Search code examples
algorithmcomputer-sciencegreedy

Algorithm to "transfer water from a set of bottles to another one" (metaphorically speaking)


Ok, I have a problem. I have a set "A" of bottles of various sizes, all full of water. Then I have another set "B" of bottles of various sizes, all empty.

I want to transfer the water from A to B, knowing that the total capacity of each set is the same. (i.e.: Set A contains the same amount of water as set B).

This is of course trivial in itself, just take the first bottle in B, pour it in the first in A until this is full. Then if the bottle from B has still water in it, go on with the second bottle in A, etc.

However, I want to minimize the total number of pours (the action of pouring from a bottle into another, each action counts 1, independently from how much water it involves)

I'd like to find a greedy algorithm to do this, or if not possible at least an efficient one. However, efficiency is secondary to correctness of the algorithm (I don't want a suboptimal solution).
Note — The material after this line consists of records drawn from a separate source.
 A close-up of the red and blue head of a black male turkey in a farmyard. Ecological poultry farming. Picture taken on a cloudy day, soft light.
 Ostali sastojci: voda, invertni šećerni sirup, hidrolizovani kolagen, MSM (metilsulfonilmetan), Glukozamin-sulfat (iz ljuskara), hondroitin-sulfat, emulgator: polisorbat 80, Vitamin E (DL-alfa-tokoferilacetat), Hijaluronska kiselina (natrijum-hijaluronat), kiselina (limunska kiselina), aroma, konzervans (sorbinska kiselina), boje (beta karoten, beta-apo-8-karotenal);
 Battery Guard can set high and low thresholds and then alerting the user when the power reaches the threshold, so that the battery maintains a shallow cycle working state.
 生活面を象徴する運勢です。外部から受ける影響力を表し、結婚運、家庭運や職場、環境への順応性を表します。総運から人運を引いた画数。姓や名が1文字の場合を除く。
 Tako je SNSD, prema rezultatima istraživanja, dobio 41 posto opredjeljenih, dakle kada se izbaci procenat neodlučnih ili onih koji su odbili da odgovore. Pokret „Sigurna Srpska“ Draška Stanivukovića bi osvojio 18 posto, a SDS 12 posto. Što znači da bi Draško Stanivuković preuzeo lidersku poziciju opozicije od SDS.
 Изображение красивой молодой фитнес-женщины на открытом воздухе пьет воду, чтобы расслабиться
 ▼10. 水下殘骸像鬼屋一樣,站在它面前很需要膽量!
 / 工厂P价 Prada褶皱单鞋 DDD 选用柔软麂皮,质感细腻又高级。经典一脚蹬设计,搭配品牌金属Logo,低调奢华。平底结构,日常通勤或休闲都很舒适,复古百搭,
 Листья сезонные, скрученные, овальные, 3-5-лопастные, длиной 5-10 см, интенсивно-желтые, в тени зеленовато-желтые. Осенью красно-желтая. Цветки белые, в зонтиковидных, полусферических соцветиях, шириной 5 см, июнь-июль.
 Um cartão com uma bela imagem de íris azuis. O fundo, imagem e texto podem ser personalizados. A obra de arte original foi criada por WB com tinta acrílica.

Of course this problem is just a metaphor for a real problem in a computer program to manage personal expenses.


Solution

  • Bad news: this problem is NP-hard by a reduction from subset sum. Given numbers x1, …, xn, S, the object of subset sum is to determine whether or not some subset of the xis sum to S. We make A-bottles with capacities x1, …, xn and B-bottles with capacities S and (x1 + … + xn - S) and determine whether n pours are sufficient.

    Good news: any greedy strategy (i.e., choose any nonempty A, choose any unfilled B, pour until we have to stop) is a 2-approximation (i.e., uses at most twice as many pours as optimal). The optimal solution uses at least max(|A|, |B|) pours, and greedy uses at most |A| + |B|, since every time greedy does a pour, either an A is drained or a B is filled and does not need to be poured out of or into again.
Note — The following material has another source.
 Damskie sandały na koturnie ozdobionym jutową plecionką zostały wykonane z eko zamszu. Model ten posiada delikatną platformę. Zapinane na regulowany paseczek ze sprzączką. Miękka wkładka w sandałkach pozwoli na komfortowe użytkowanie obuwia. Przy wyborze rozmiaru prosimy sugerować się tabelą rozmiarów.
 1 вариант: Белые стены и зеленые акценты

    There might be an approximation scheme (a (1 + ε)-approximation for any ε > 0). I think now it's more likely that there's an inapproximability result – the usual tricks for obtaining approximation schemes don't seem to apply here.


    Here are some ideas that might lead to a practical exact algorithm.
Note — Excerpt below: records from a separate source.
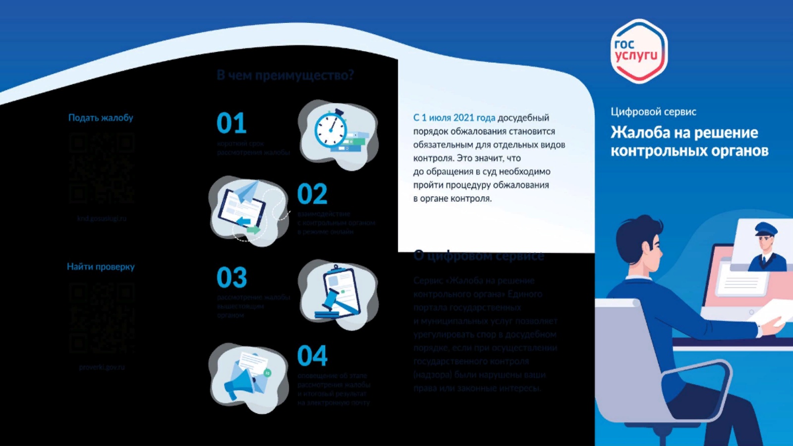 Дәүләт һәм муниципаль хезмәтләрнең бердәм порталының "Контроль органы" карарына карата шикаять " сервисы, дәүләт контролен (күзәтчелеген) гамәлгә ашырганда, Сезнең хокукларыгыз яки законлы мәнфәгатьләрегез бозылган очракта, бәхәсләрне судка кадәр тәртиптә җайга салырга мөмкинлек бирә.
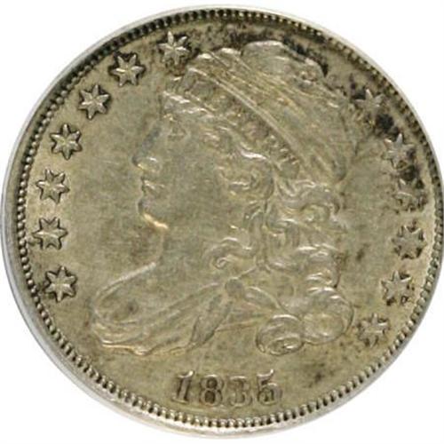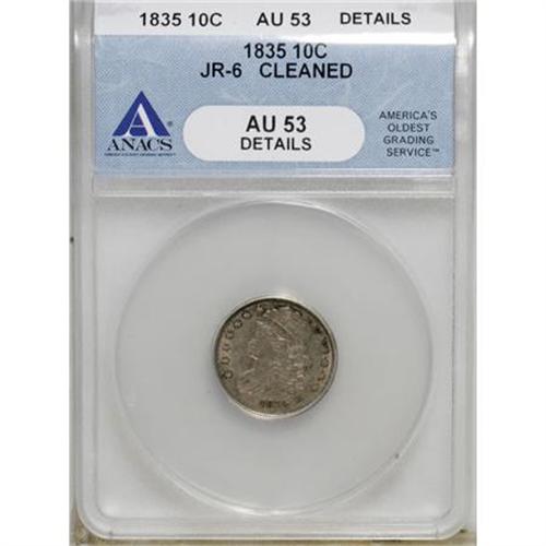 <B>1835 10C --Cleaned--ANACS AU53 Details.</B></I> JR-6. NGC Census: (9/333). PCGS Population (13/217). Mintage: 1,410,000. Numismedia Wsl. Price for NGC/PCGS coin in AU53: $300. (#4527)<BR><BR><B>Coin Engraver:</B> John Reich<BR><BR><b>Shipping:</b> Coins & Currency (<a target="_blank" href="http://www.heritageauctions.com/common/shipping.php">view shipping information</a>)
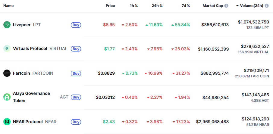 Sa kasalukuyan, ang trading volume ng LPT ay lampas pa rin sa $1 billion. Ayon sa CoinMarketCap, nalampasan nito ang Virtual Protocol para maging pinakamataas na volume na AI token sa market, na nagpapakita ng matinding interes mula sa mga trader.
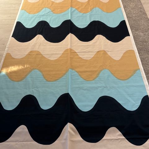 Marimekon Lokki-kangas, 100%puuvillaa. Väreinä oranssinpunainen, vaalea minttu, vaaleanruskea ja vaalea roosa. Leveys 145cm ja pituus 138cm.

    Given a solution, draw a bipartite graph with left vertices A and right vertices B and an (undirected) edge from a to b if and only if a is poured into b. If the solution is optimal, I claim that there are no cycles – otherwise we could eliminate the smallest pour in the cycle and replace the lost volume going around the cycle. For example, if I have pours

    a1 -> b1: 1
    a1 -> b2: 2
    a2 -> b1: 3
    a2 -> b3: 4
    a3 -> b2: 5
    a3 -> b3: 6
    

    then I can eliminate by a1 -> b1 pour like so:

    a2 -> b1: 4 (+1)
    a2 -> b3: 3 (-1)
    a3 -> b3: 7 (+1)
    a3 -> b2: 4 (-1)
    a1 -> b2: 3 (+1)
    

    Now, since the graph has no cycle, we can count the number of edges (pours) as |A| + |B| - #(connected components). The only variable here is the number of connected components, which we want to maximize.

    I claim that the greedy algorithm forms graphs that have no cycle. If we knew what the connected components of an optimal solution were, we could use a greedy algorithm on each one and get an optimal solution.

    One way to tackle this subproblem would be to use dynamic programming to enumerate all subset pairs X of A and Y of B such that sum(X) == sum(Y) and then feed these into an exact cover algorithm. Both steps are of course exponential, but they might work well on real data.